Camille : En juin dernier, on a du présenter une petite étape de Jungle Space in America, et de là, on a commencé à penser à la forme conférence par exemple. Donc le projet évolue en fonction des contraintes…

Pierre : … des opportunités aussi, des différents lieux dans lesquels on peut être accueilli. On essaie de rebondir là dessus, que chaque lieu se retrouve dans l’univers Jungle Space.

Léonard : Il y avait aussi de la volonté de ramener de la vie dans l’art, dans la manière de créer. Créer un projet évolutif, qui puisse répondre à nos envies du moment, cela nous correspond bien parce que cela nous permet de toujours être en recherche, toujours en expérimentation et de le partager avec le public. On trouve en effet que c’est important que le public assiste à ce genre de choses.

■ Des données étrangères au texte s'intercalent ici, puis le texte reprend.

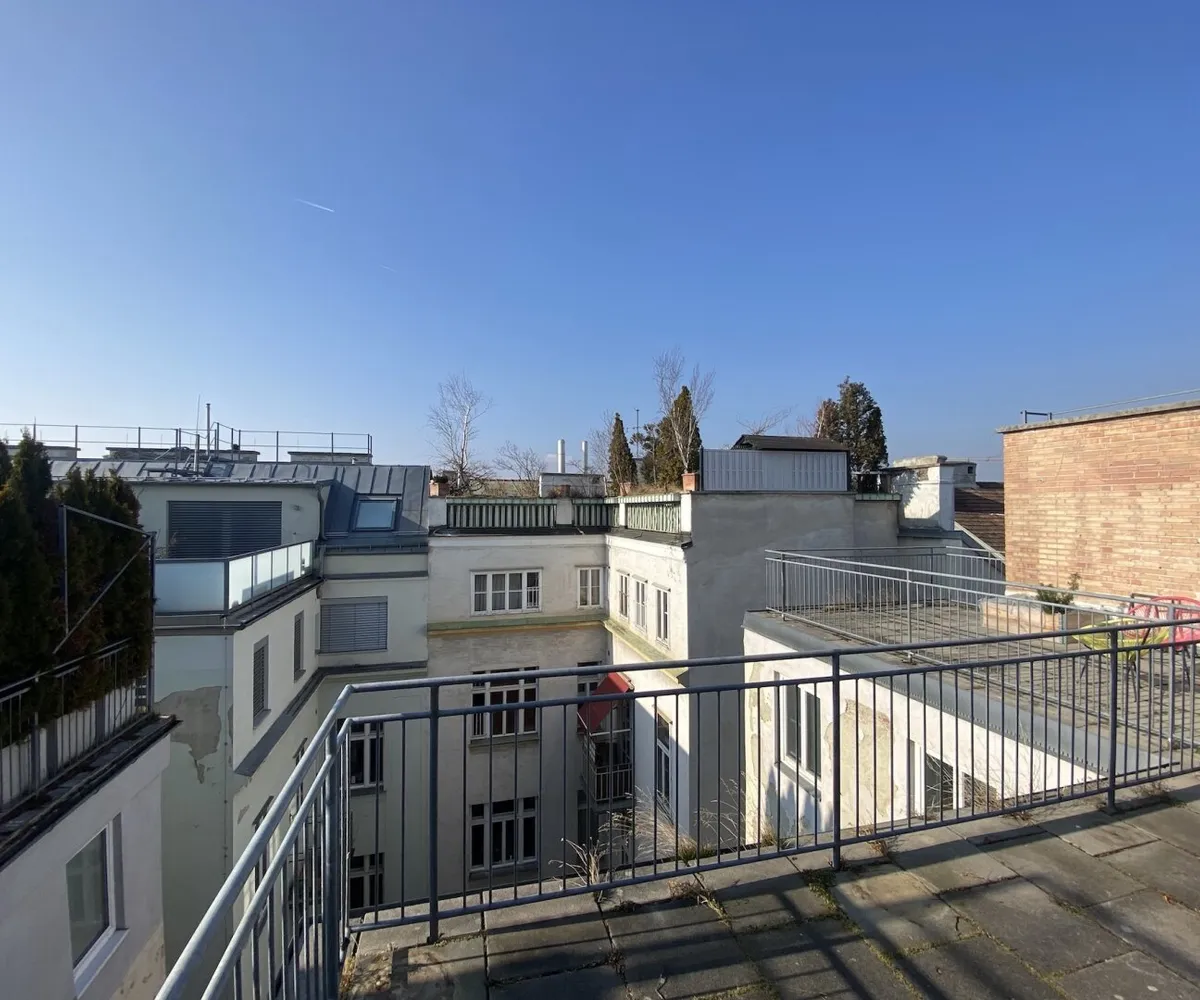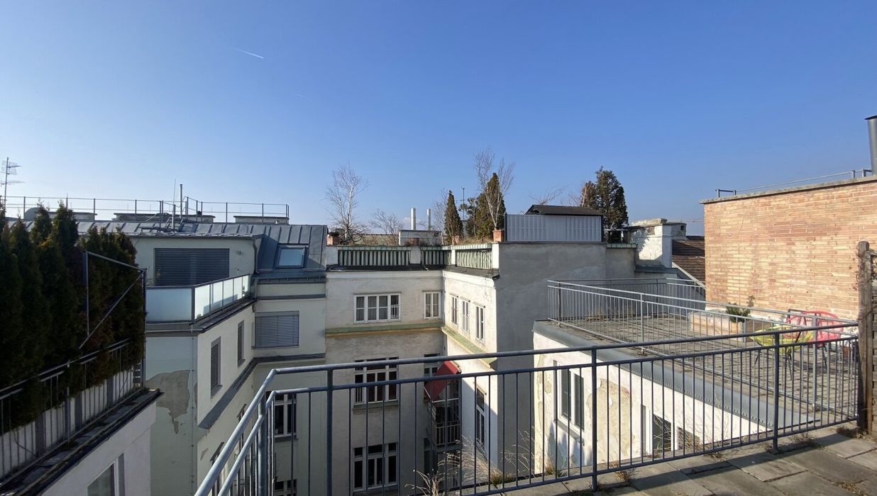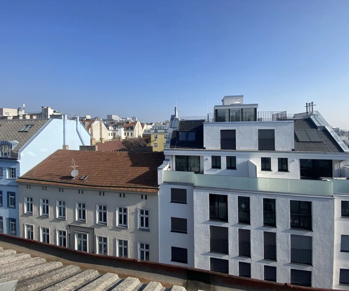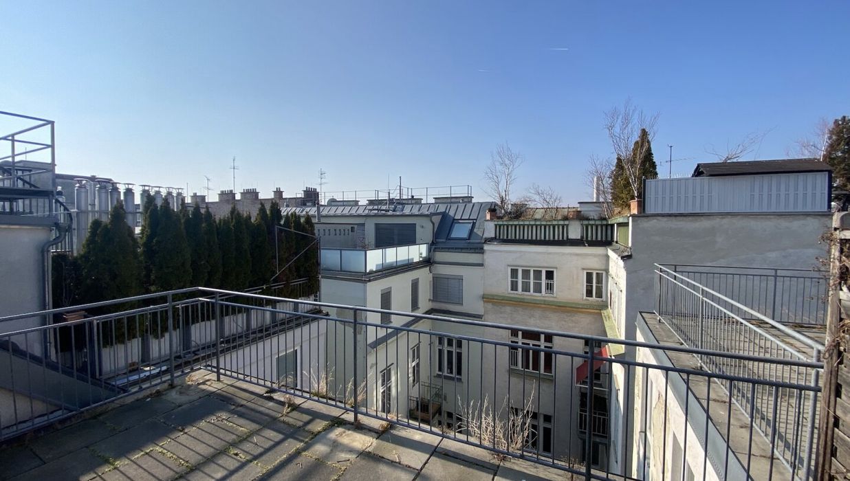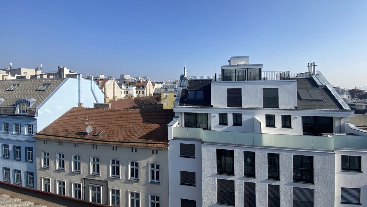 Zur befristeten Vermietung auf 5 Jahre mit Verlängerungsoption gelangt eine ca. 98 qm große Dachgeschosswohnung mit 3 Zimmern und einer ca. 19 qm großen Terrasse mit Blick über die Dächer von Wien. Die Wohnung im 5. Liftstock wird mittels Gastherme und Radiatoren beheizt und punktet mit hochwertiger Ausstattung.

Camille : On s’est rendus compte que les gens avaient envie de toucher les matières de l’installation. Il faudrait trouver quelque chose où le public aurait plus d’interaction possible avec l’installation.

Noam : On a pensé à décorer le train par exemple.

Léonard : Il y a aussi trois volets BD qui vont sortir, et chaque fois on aimerait faire des vernissages/événements avec de l’installation et de la mise en espace de BD, de reprendre certains modules et des les améliorer. Ces trois volets seront donc Jungle, Space et in America, qui sera America.

Pierre : J’ai essayé de penser au « in » mais je n’ai pas encore trouvé quoi en faire. (rires)

Léonard : Et on va travailler sur la forme conférence, et sur la forme performative/spectacle.